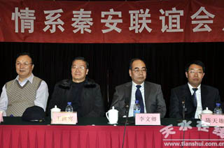 李文卿在講話中代表市委、市政府為北京情系秦安聯(lián)誼會成立表示祝賀,對秦安籍在京人士對天水的關(guān)心和支持表示感謝。他說,水是家鄉(xiāng)清,月是故鄉(xiāng)明,游子千里行,依依桑梓情。眷戀故土、回報家鄉(xiāng)是天水同鄉(xiāng)內(nèi)心共同的牽掛和心愿。他希望天水籍在京各界人士要樹立大故鄉(xiāng)的概念,進一步增強熱愛家鄉(xiāng)的深厚情感。要珍惜在北京學習工作的機會,練就本領(lǐng),實現(xiàn)創(chuàng)業(yè),盡職盡責,干好工作。要建立廣泛的鄉(xiāng)情基礎(chǔ),相互支持,相互幫助,發(fā)揮優(yōu)勢,各盡所能,全力支持家鄉(xiāng)建設(shè)。要利用網(wǎng)絡(luò)等各類平臺,為家鄉(xiāng)發(fā)展多提寶貴意見和建議。
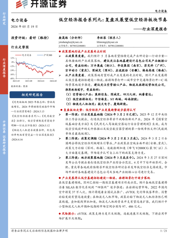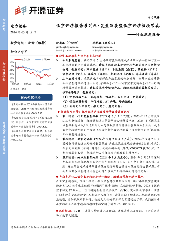 【开源证券】【20240519】电力设备行业深度报告-低空经济报告系列九:复盘及展望低空经济板块节奏-21页
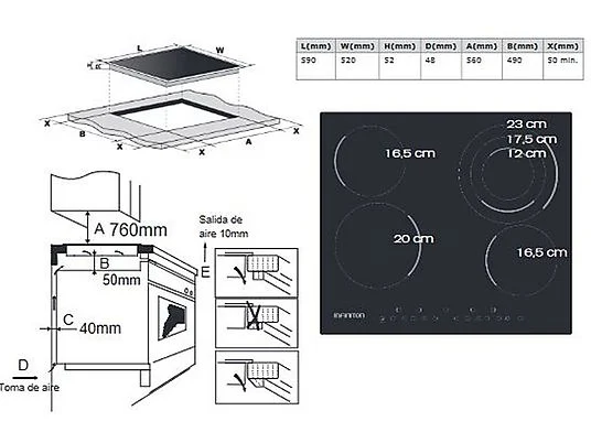 Infiniton VITRO-A4F 4 zonas 59 cm Placa Vitrocerámica
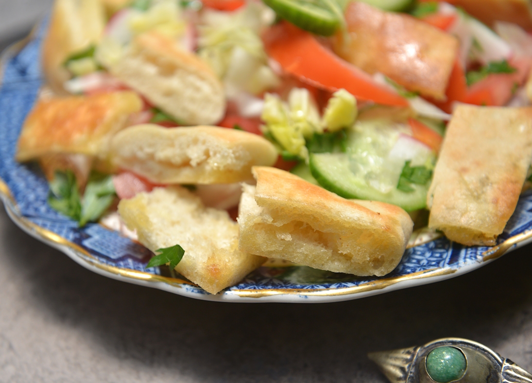 Фатуш — палестинский салат с поджаренными кусочками питы. Свежую питу нарезаем и жарим в оливковом масле, получаются очень вкусные хрустящие чипсы. Салат делаем обычный, из овощей, из того, что есть под рукой:
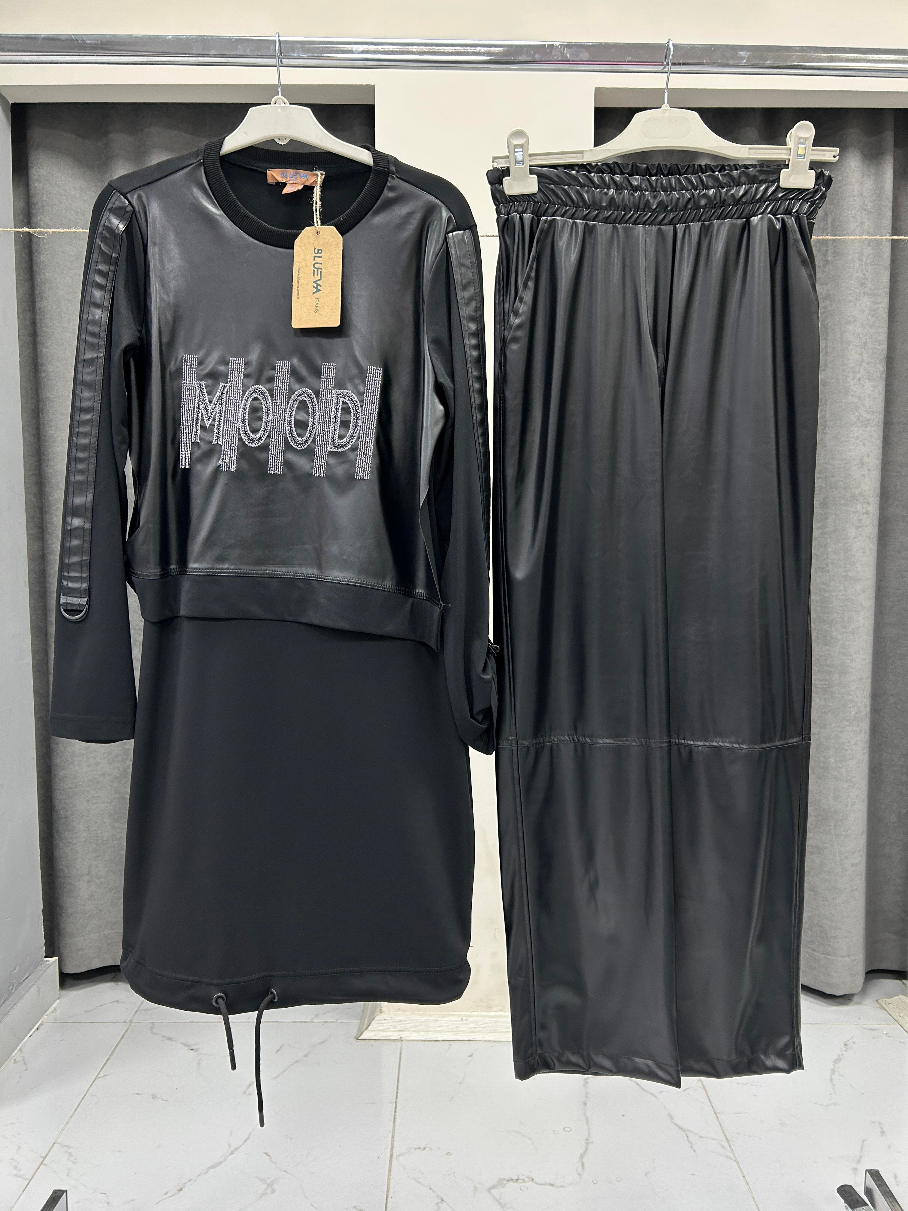 P22K-2010 BLUEVA RUFFY DERİLİ İKİLİ SPOR TAKIM - SİYAH
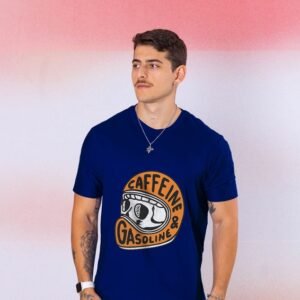 Camiseta Masculina Azul Marinho – “Caffeine & Gasoline”

+ + + + +

EXERCISE AIM:
Without the pictures, transcribe exactly the lines above from the one containing "Infiniton VITRO-A4F 4" through the last.

SOLUTION TO THIS PROBLEM:
 Infiniton VITRO-A4F 4 zonas 59 cm Placa Vitrocerámica
 Фатуш — палестинский салат с поджаренными кусочками питы. Свежую питу нарезаем и жарим в оливковом масле, получаются очень вкусные хрустящие чипсы. Салат делаем обычный, из овощей, из того, что есть под рукой:
 P22K-2010 BLUEVA RUFFY DERİLİ İKİLİ SPOR TAKIM - SİYAH
 Camiseta Masculina Azul Marinho – “Caffeine & Gasoline”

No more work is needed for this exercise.